Question

Find the vertical and horizontal asymptotes:

f(x) = x*tan(x)

Answer 1

I know that I could graph it to see the asymptotes, but I have to show the work.

Answer 2

Well, \(\tan(x) \to \pm\infty\) at \(x = \pm \frac{\pi}{2} + 2n\pi\) and so does x*tan(x).
So those are the vertical asymptotes.

Answer 3

For horizontal asymptote, \(\lim x \to \pm \infty ~~x*\tan(x)\) does not exist. In other words it is plus infinity or minus infinity. So no horizontal asymptotes.

Answer 4

The "n" in my first reply is any integer: positive, negative or zero.

Answer 5

Okay, thanks. That makes sense. So, how would I find the intervals of increase or decrease? I know the derivative of my original function is \[x \sec(x)^{2}+\tan(x)\] It's impossible to equal that to zero and solve for it. How would I find the intervals then?

Answer 6

A small typo in my second reply. It should be: In other words it is minus infinity TO plus infinity.
tan(x) is a periodic function and it goes from negative infinity to positive infinity. As x becomes large, x * tan(x) will keep going from minus infinity to plus infinity. The limit does not converge to a specific value. The limit is anywhere from \(-\infty\) to \(+\infty\) and therefore the function does not have a horizontal asymptote.

Answer 7

Intervals of increase / decrease.
\[
f(x) = x\tan(x) \\
f'(x) = x\sec^2(x) + \tan(x) = \frac{x}{\cos^2(x)} + \frac{\sin(x)}{\cos(x)} \\
f'(x) = \frac{x}{\cos^2(x)} + \frac{\sin(x)}{\cos(x)} * \frac{\cos(x)}{\cos(x)}=
\frac{1}{\cos^2(x)}(x+\sin(x)\cos(x)) \\
f'(x) = \sec^2(x) * (x + \frac 12\sin(2x)) \\
\sec^2(x) ~~\text{is never negative due to the squaring. }\\
\text{Therefore, the sign of f '(x) is determined by }(x + \frac 12\sin(2x)) \\
\text{which is positive when x is positive and is negative when x is negative.} \\
\text {Therefore, f(x) increases when x > 0 and decreases when x < 0.}
\]

Answer 8

You can verify that x + 1/2sin(2x) is positive when x is positive and is negative when x is negative as follows.

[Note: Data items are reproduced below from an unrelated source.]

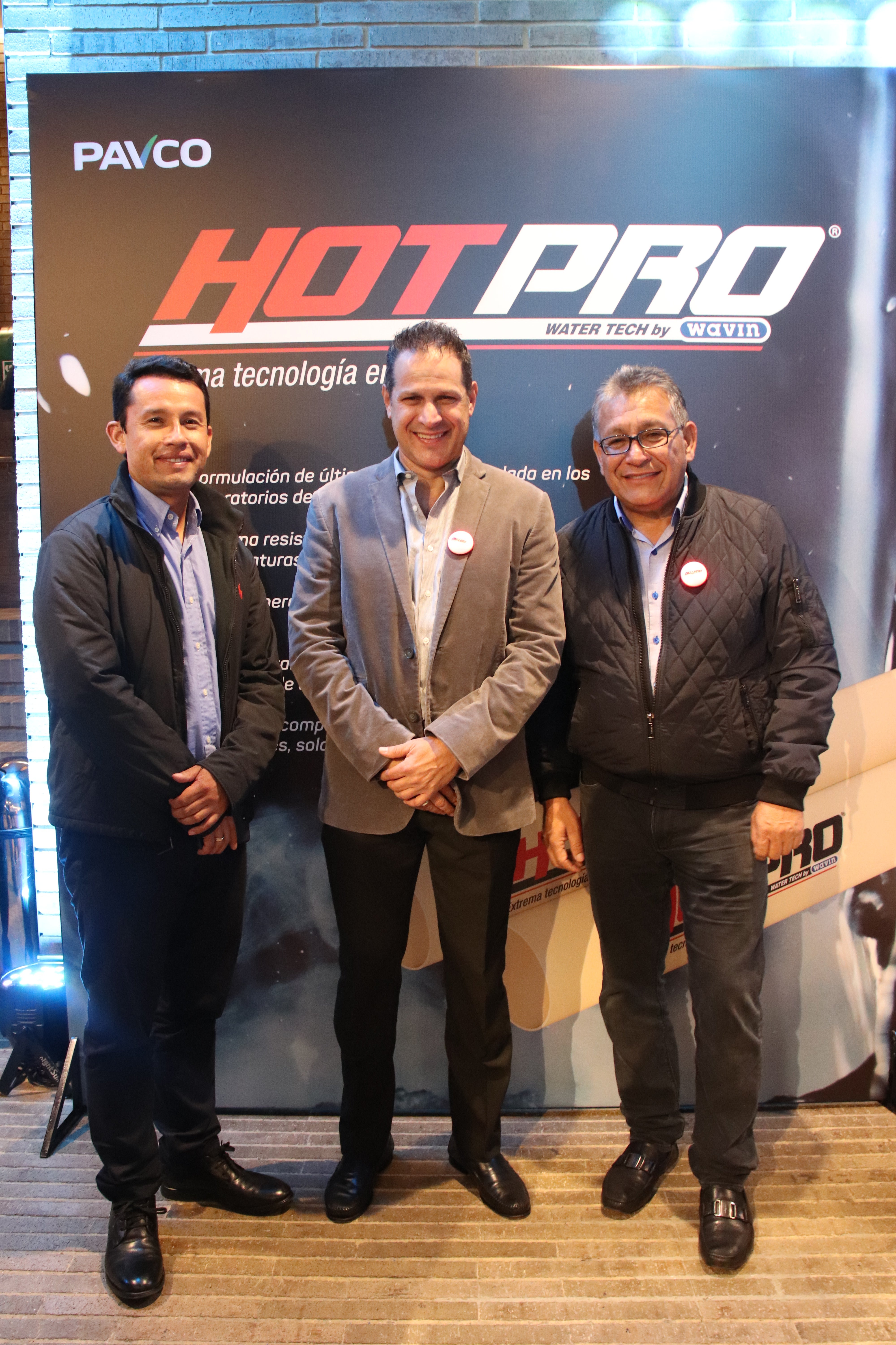 Tyron Hernández, de Redes y Montajes; Ernesto Guerrero, vicepresidente comercial de Pavco; y William Castellanos, de WC Instalaciones Hidráulicas y Sanitarias.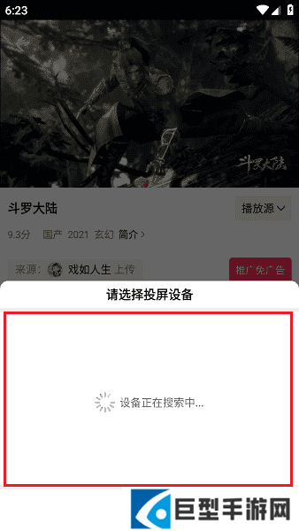 4、最后,系统会提示“正在搜索设备”,找到设备后,点击即可投屏成功。
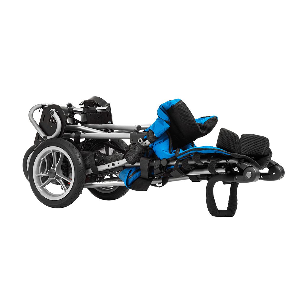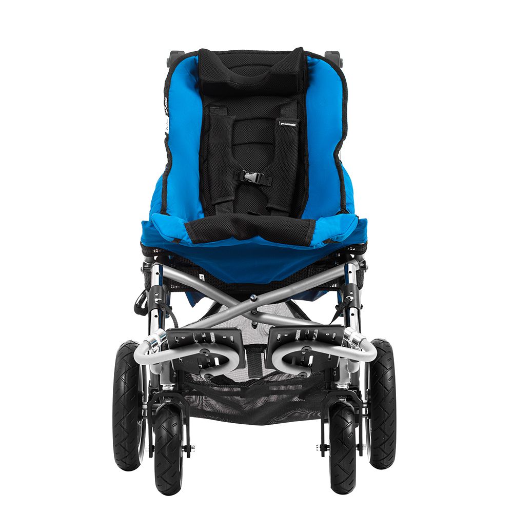 Кресло оснащено H-образными ремнями безопасности, имеющих фиксацию в нескольких точках. Подголовник является продолжением спинки и создает комфорт пользователю при длительных прогулках.

The range of the sine function is -1 to +1. The range of 1/2sin(2x) is -1/2 to +1/2. Initially the sine function is positive when 0 < theta < pi or 0 < 2x < pi which implies 0 < x < pi/2.
Therefore, for 0 < x < pi/2 which is 0 < x < 1.57,
x + 1/2sin(2x) is positive because both x and 1/2*sin(2x) are positive.
As x increases past pi/2 or 1.57, x + 1/2sin(2x) will continue to be positive because the minimum value of 1/2sin(2x) is -1/2 which is not sufficient to make x + 1/2sin(2x) negative for x >= 1.57. So for x > 0, x + 1/2sin(2x) > 0.
Same logic applies for x < 0 where x + 1/2sin(2x) < 0.